First, not all RAGs are of the same caliber. The accuracy of the content in the custom database is crucial to solid output, but it’s not the only variable. “It’s not just the quality of the content,” says global head Joel Hron. AI at Thomson Reuters“It’s the quality of the search and the retrieval of the right content based on the query.” It’s important to master each step in the process because a single wrong step can completely ruin the model.
“Any lawyer who has ever tried to use natural language search in a research engine will notice that there are often instances where semantic similarity leads you to completely irrelevant materials,” says Daniel Ho, a Stanford professor and senior fellow. Human-Centered AI Institute. Ho’s research AI Legal Tools Companies that relied on RAG had higher rates of errors in output than companies that built models.
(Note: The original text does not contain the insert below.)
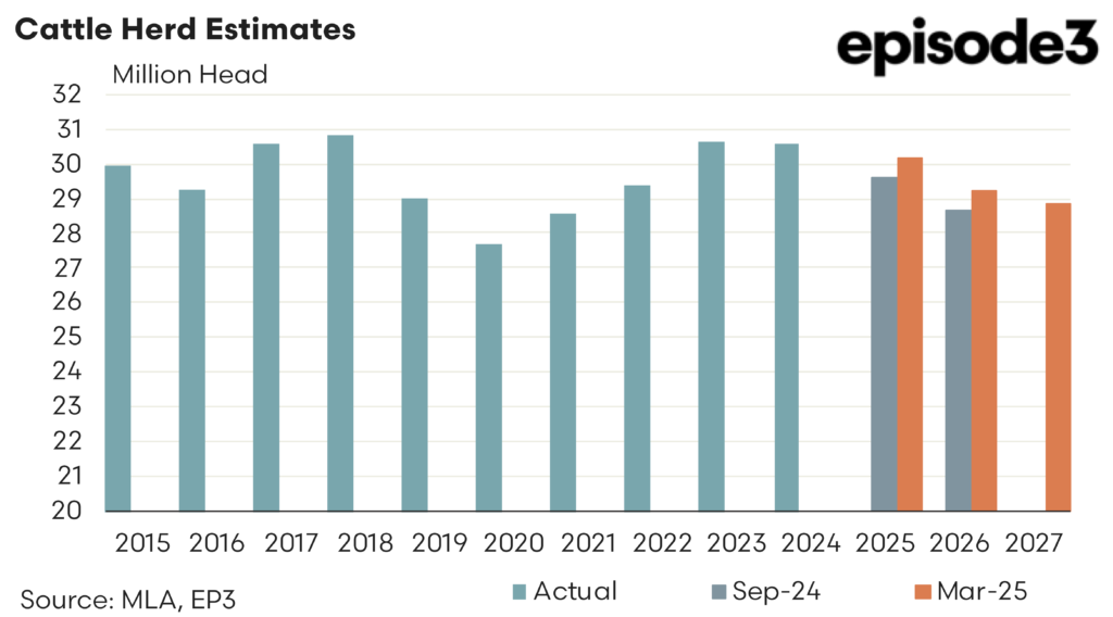 MLA’s latest outlook has revised the 2025 cattle herd estimate upward by 1.9%, bringing it to 30.1 million head, compared to 29.6 million head projected in September 2024. This suggests that the decline in herd numbers is progressing at a slower rate than initially expected.
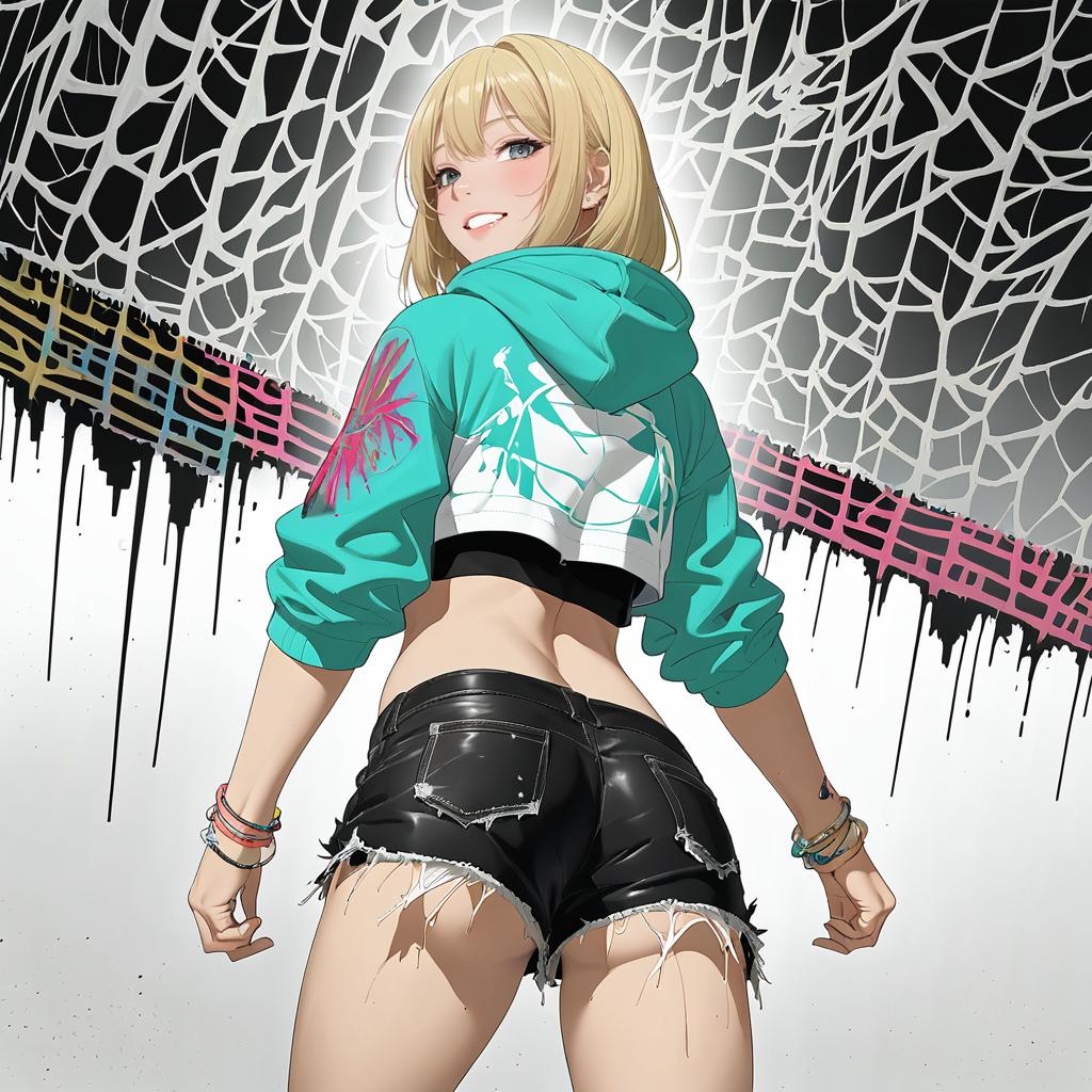 1girl, Erased, girl, blonde hair, ass, solo, shorts, bracelet, hood, jewelry, looking at viewer, breasts, smile, crop top, from behind, short shorts, looking back, lips, multicolored hair, hoodie, black shorts, thighs, grin

Which brings us to the most intriguing question in the discussion: how do you define hallucinations within a RAG implementation? Does it only occur when the chatbot generates output without any citations and fabricates information? Does it also occur when the tool might ignore relevant data or misinterpret aspects of the citation?
According to Lewis, hallucinations in RAG systems depend on whether the output is consistent with the results found by the model during data retrieval. However, Stanford research on AI tools for lawyers makes this definition a bit broader, by checking whether the output is based on the data provided as well as whether it is factually correct – Higher standards for legal professionals Who often analyze complex cases and understand the intricate hierarchy of precedent.
While a RAG system involved with legal issues is clearly better at answering questions on case law than OpenAI’s ChatGPT or Google’s Gemini, it can still overlook fine details and make random mistakes. All the AI experts I spoke to emphasized the constant need for thoughtful, human interaction throughout the process to double-check citations and verify the overall accuracy of results.
Law is one area where there’s a lot of activity around RAG-based AI tools, but the process likely isn’t limited to a single white-collar job. “Take any profession or any business. You have to get answers that are based on actual documents,” Arredondo says. “So, I think RAG is going to be a core tool that will be used in basically every professional application, at least in the near to mid-term.” Risk-averse executives are excited by the prospect of using AI tools to better understand their proprietary data, without having to upload sensitive information to a standard, public chatbot.
However, it is important for users to understand the limitations of these tools, and for AI-focused companies to avoid exaggerating about the accuracy of their answers. Anyone using an AI tool should still avoid relying solely on the output, and they should view its answers with a healthy sense of skepticism, even if the answer has been improved through RAG.
“Confusion is forever,” Ho says. “We don’t yet have a ready remedy to completely eliminate confusion.” While RAG reduces the prevalence of errors, human judgment still remains paramount. And that’s no lie.